Staying Alive Read online

Page 3


  ‘I can account for myself, Alain.’

  ‘Not for that radio you’re carrying, you can’t. Besides, supposed not to be seen together more than we bleeding have to – right?’

  It was one of the principles instilled in the course of training. One réseau member gets arrested, others move away fast and lie low, while the one that’s caught is counted on to hold out against interrogation for at least forty-eight hours before leaking anything that might earlier have led them to his or her confrères. Whereas if the Gestapo had prior knowledge of any such associates, chances are the arrests would have been simultaneous.

  Instructors had admitted that not to be seen together was a principle, not a blanket instruction. Very often you had to be together in public places. Just a matter of common sense, she guessed, in practice. She wondered whether Déclan knew she was a greenhorn, still had practically everything to learn. Following him now – along a hedgerow, for the advantage of its shadow, then after casting around a bit he stooped to pick up a bag containing the lamps – bicycle lamps probably – from where he’d left it among what looked like nettles and docks. Telling her as they went on, ‘Proper bastard now. Boches taking over from bloody Vichy. Last couple of days, this is, truck convoys an’ trains full of ’em. Won’t make our lives easier, will it. Like as not you’ll have a few on whatever train we get you on. I got you a ticket, by the way.’

  ‘Well, thanks.’

  ‘Save having to show papers at the guichet. But there’ll be guards, bet your life. Account for yourself, you say – so why’re you in Cahors, for a start?’

  ‘I’m moving house from Paris to Toulouse, I’ve a cousin married to a farmer near La Capelle, took the chance of stopping off with them for a few days.’

  ‘They know about it?’

  ‘No. They exist, but – who’d bother checking?’

  ‘Gestapo would, if they thought they had reason.’

  ‘So I don’t give them reason. I’m coming to Toulouse to find myself a job and because I was sick of Paris. I’m a widow – husband drowned by the bloody British. Needn’t worry, that’s cast-iron. And there’s an aunt of my late husband’s in some village somewhere – whichever way I’m going, I’m hoping to locate her. What’s your story – French wife, you said—’
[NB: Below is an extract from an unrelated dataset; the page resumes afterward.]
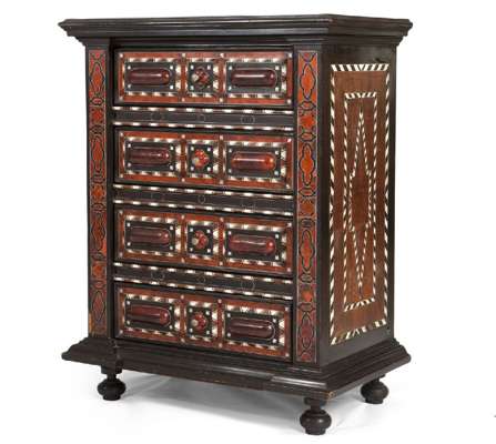 INDO-PORTUGUESE TORTOISE SHELL, EBONY AND IVORY INLAID COMMODE
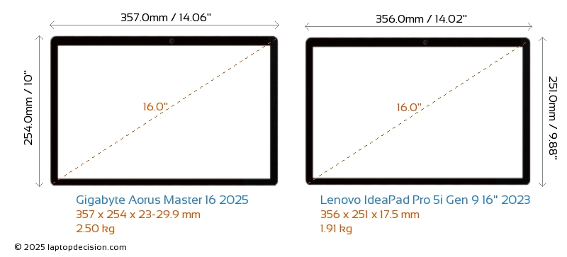 Wifi Aorus Master 16 2025 cuenta con un estándar de Wi-Fi más avanzado v7, proporcionando conexiones inalámbricas más rápidas y fiables en comparación con IdeaPad Pro 5i Gen 9 16" 2023 (v6E).

  ‘Long an’ short of it is I’m a local. Make my living fixing borehole pumps and suchlike. “Agricultural engineer” is what I have on my papers, what my wife calls it is “odd-job man”. But look – stay put a minute, while I do a recce?’

  He left the suitcase and the bag of lamps with her, vanished towards a dark confusion of buildings, ruins of some kind. The moon was obscured by cloud at this moment and it was a jumble, not easy to make out. Ruins of a small farmstead, must have been. No truck visible, anyway not from here. The ground was rutted, though, no doubt by farm traffic. Well – narrow ruts, so carts… Déclan had disappeared. She moved closer to the ruins, dumped the suitcases amongst long grass and rubble, went back for the lamp bag then sat herself down on the larger case. Not all that visible, and she’d be in the shadow of this nearer lot when the cloud shifted. Déclan’s truck presumably somewhere amongst all that, or behind it; he’d be checking that there were no foreign bodies lurking in the immediate surroundings.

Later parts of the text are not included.